The ’90s didn’t really improve on the model either, at least not until L7’s Donita Sparks let loose and Courtney Love left her crazy cage open, and at that, this was a much different type of music than the hard rock we’d known. Into this breach came a band with the awful name Baby Animals which managed to deliver the promise of spoiler-rattling rock and roll with real toughness and a woman at the microphone, and upon first listen it all became clear that gender didn’t matter in the slightest.

They hailed from Perth, Australia, and so those moments of absolute AC/DC current weren’t necessarily by accident (excepting the fact that Baby Animals drummer Frank Celenza was the best drummer AC/DC never had). Their 1991 self-titled debut had the good fortune of production from hard rock/power pop producer extraordinaire Mike Chapman, and contemporaries like Van Halen and Bryan Adams took notice, as did their homeland which sent the track “Early Warning” up the Australian charts. Other singles from the album included “Rush You,” “Painless” and “One Word.”
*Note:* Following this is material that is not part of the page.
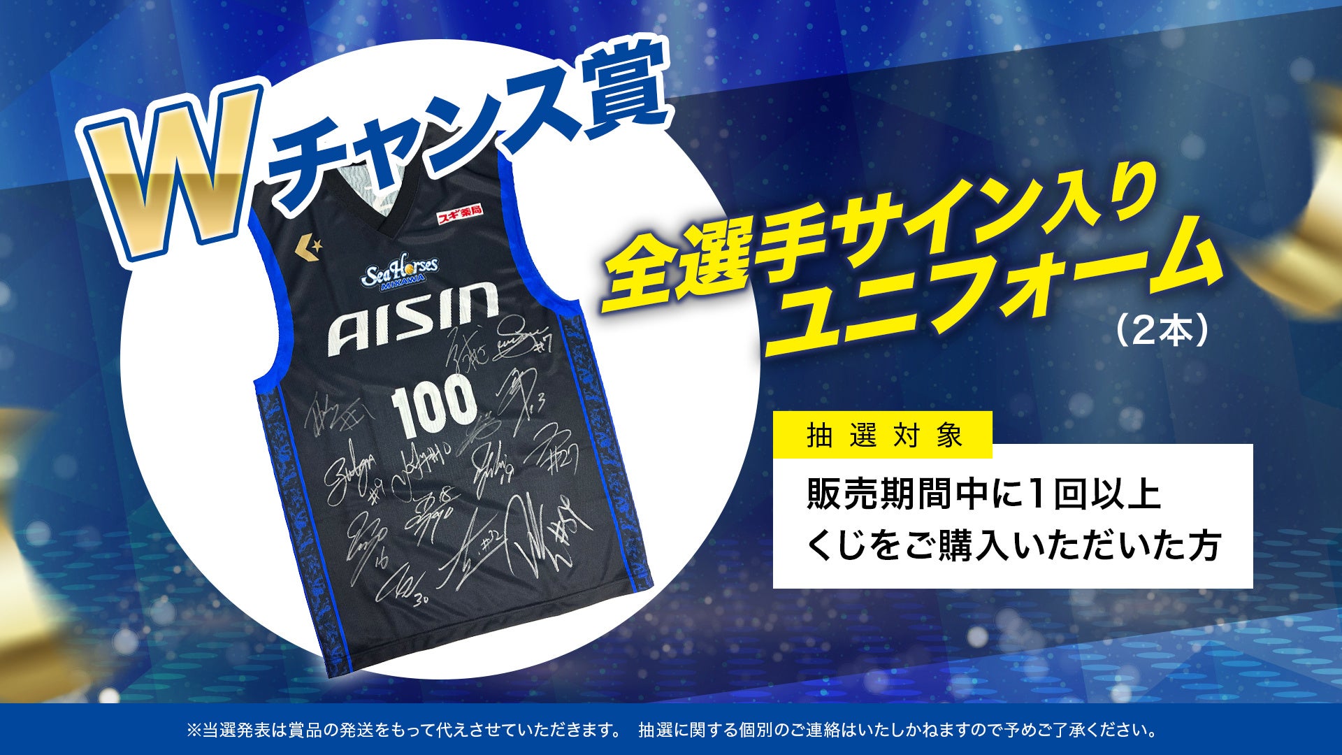 さらに、Wチャンス賞として、販売期間中に1回以上くじをご購入いただいた方の中から抽選で2名様に「全選手サイン入りユニフォーム」が当たります!!

It was, unfortunately, kind of a one-way love. The band was signed to the newly formed Imago label, founded by Terry Ellis who had great success previously with the Chrysalis label. Imago, despite having a roster that included Paula Cole, Henry Rollins and Love Spit Love featuring the Psychedelic Furs’ Richard Butler, just didn’t grab the US market the way everyone expected it to, especially the label’s partner BMG Music which later dissolved the partnership and destroyed the company. At least Baby Animals had Australia.

They also had a track on a sampler cassette a local record store was handing out in the 1990’s. Back then, anything I got for free was, at the very least, good for a one-time listen, and if it was bad, I could tape up the tabs on the top and record over it. A free blank cassette? Thank you, Mr. Record Store Dude.
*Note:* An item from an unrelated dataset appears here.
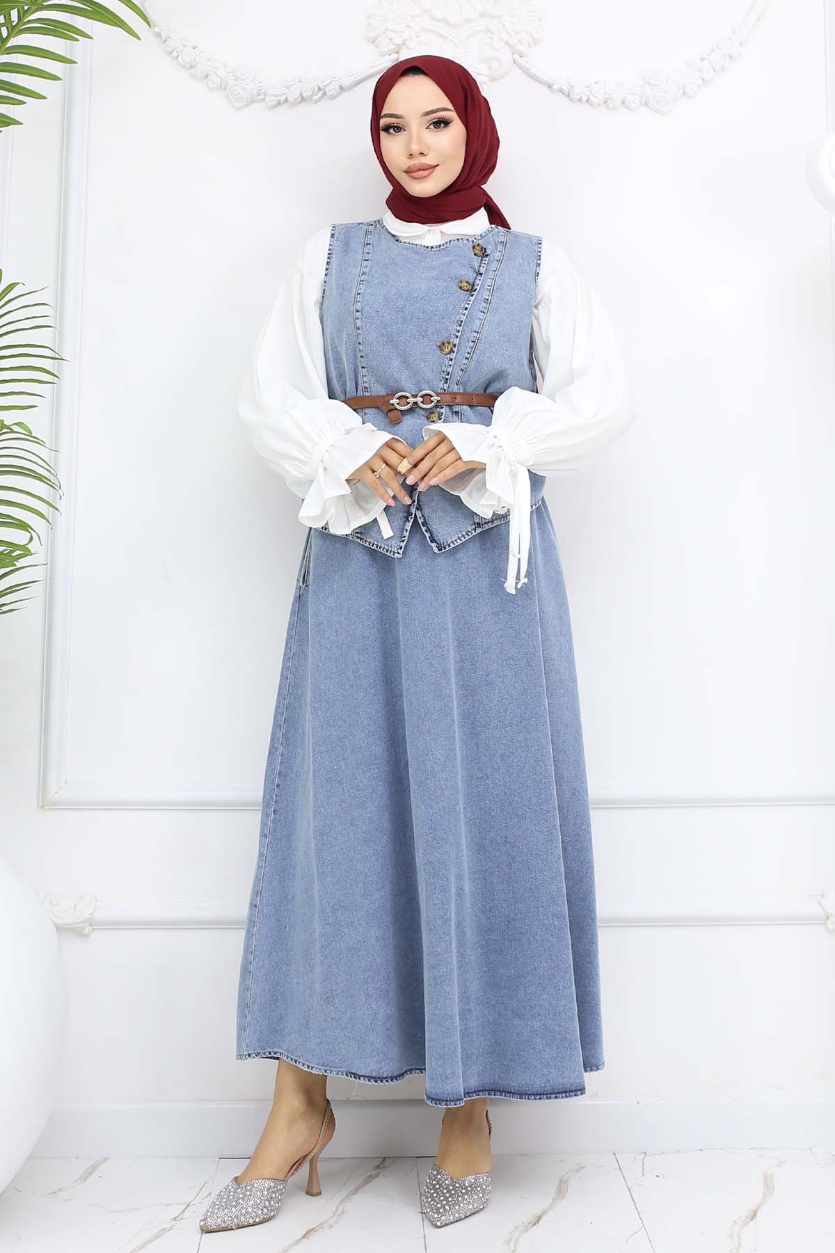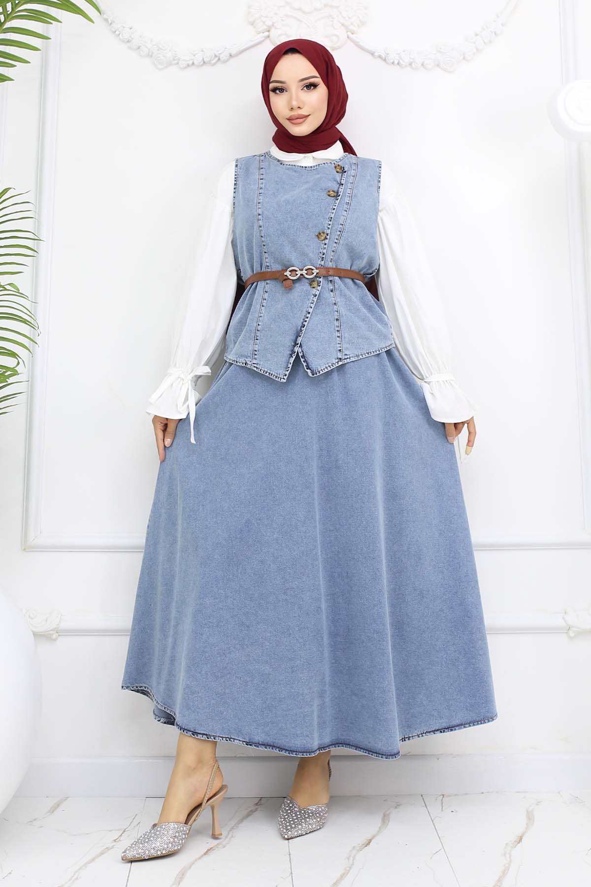 BNG Women Yelek Etek İkili Kot Takım Mavi 357 - Reutlingen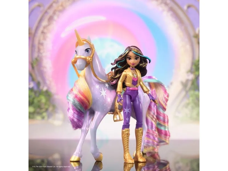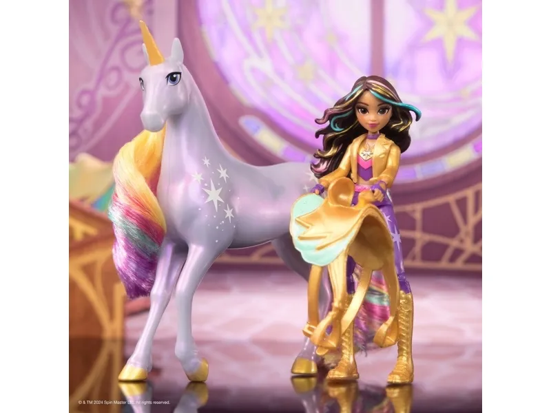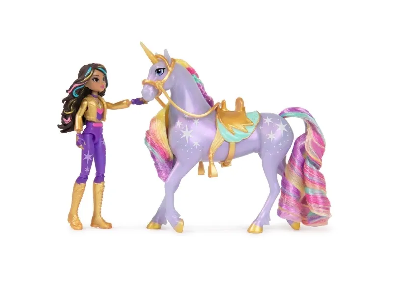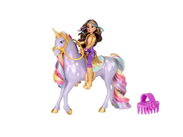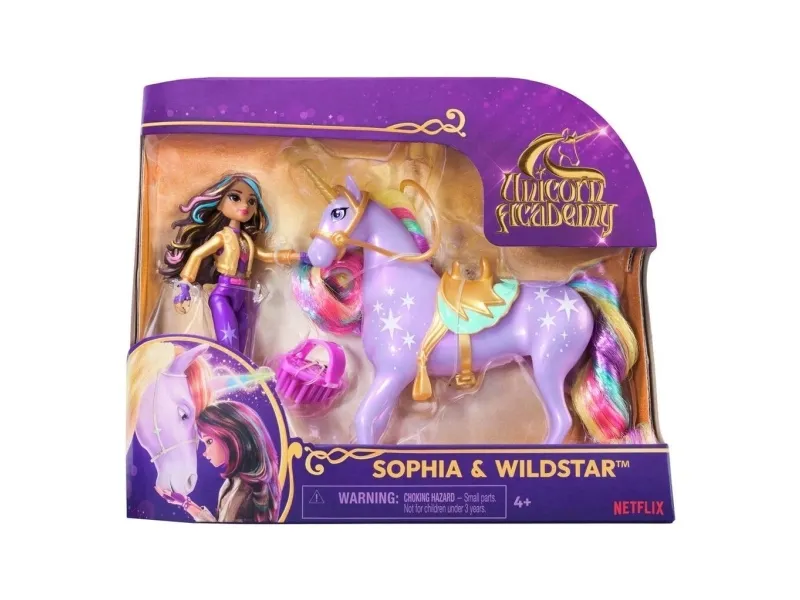Sophia & Wildstar-leksetet från Unicorn Academy är en hyllning till det starka bandet mellan ryttare och enhörning. Sophia (11,4 cm) har 7 rörliga leder och verklighetstrogna detaljer från serien. Wildstar (12,7 cm) matchar Sophia med ljusmagimärken och regnbågsfärgad man och svans som kan borstas (borste medföljer). Med det avtagbara tränset och sadeln sitter Sophia lätt på Wildstar medan de rider ut på nya äventyr. Figurerna från Unicorn Academy får liv inspirerade av den animerade NETFLIX-serien och de bästsäljande böckerna där vänskapen regerar. Utvidga din värld med modedockor, enhörningar eller de små dockorna och lekseten från Unicorn Academy (säljs separat). Unicorn Academy-leksakerna är den perfekta presenten för alla tillfällen till barn som älskar enhörningar, hästleksaker, dockor och tillbehör, dockskåp, samlarobjekt, gosedjur och liknande. Upplev förtrollande Unicorn Academy-äventyr med Sophia & Wildstar.

The majority of that tape has gone up in the smoke of the forgotten. It was most likely a lot of screaming guys justifying their screaming through treatises about the power of screaming, but sandwiched in-between the wolf cries was the Baby Animal track, “Painless.” It’s a solid mid-tempo rocker, yet definitely the most single-worthy of the album’s tracks. It was meant to fit in with certain expectations, and so the bluesiness and Suze DeMarchi’s scratchy voice eased you into their orbit. Maybe it was because this song was so different from the rest on the sampler, or maybe I somehow intuited there was much more to be had from the band, but in either case I was intrigued enough to plunk down money for the full album cassette. Again, practicality ruled the day. If it sucked, I’d just record the Scorpions over it.

It didn’t suck, as it turned out. The opening track, “Rush You,” was full-blooded, adrenaline-charged and, even though a key lyric was “So what does it mean when you say that’s she’s your girlfriend today?” I found myself singing along. Other key tracks were “Working For The Enemy,” the thundering, stomping “One Word” and intensely addictive blues-pop of “Break My Heart.” The album closed with a kick-ass manifesto in “Ain’t Gonna Get,” which seemed to demand DeMarchi was nobody’s saint nor slut, and if you didn’t pay her some respect, she could turn you inside out and you believed every word of it.
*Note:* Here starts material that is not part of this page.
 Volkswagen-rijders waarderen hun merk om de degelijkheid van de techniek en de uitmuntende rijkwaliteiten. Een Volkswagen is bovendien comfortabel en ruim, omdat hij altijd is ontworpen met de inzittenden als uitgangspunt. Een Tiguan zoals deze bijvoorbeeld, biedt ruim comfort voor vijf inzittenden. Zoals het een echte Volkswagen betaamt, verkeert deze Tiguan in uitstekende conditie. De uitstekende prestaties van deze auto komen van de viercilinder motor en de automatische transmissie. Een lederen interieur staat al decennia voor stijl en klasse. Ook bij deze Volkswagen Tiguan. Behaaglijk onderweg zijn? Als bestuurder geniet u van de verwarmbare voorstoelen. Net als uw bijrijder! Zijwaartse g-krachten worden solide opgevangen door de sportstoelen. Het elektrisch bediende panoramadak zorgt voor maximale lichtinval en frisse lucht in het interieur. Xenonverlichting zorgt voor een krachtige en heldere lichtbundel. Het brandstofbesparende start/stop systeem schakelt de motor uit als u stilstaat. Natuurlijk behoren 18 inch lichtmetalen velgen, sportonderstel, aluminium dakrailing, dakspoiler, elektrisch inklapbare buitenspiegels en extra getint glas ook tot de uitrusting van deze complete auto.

The band released a second album with an equally horrible title, Shaved and Dangerous, but I never heard it. There was a break-up not long after. DeMarchi wound up marrying Extreme’s Nuno Bettencourt and putting out some solo work, none of which seems to have made a blip on the radar in America. How it fared in Australia is speculative although the band reformed in 2007, kind of. By the time the inter-personal sturm und drang was spent, half the band left the tour and was replaced.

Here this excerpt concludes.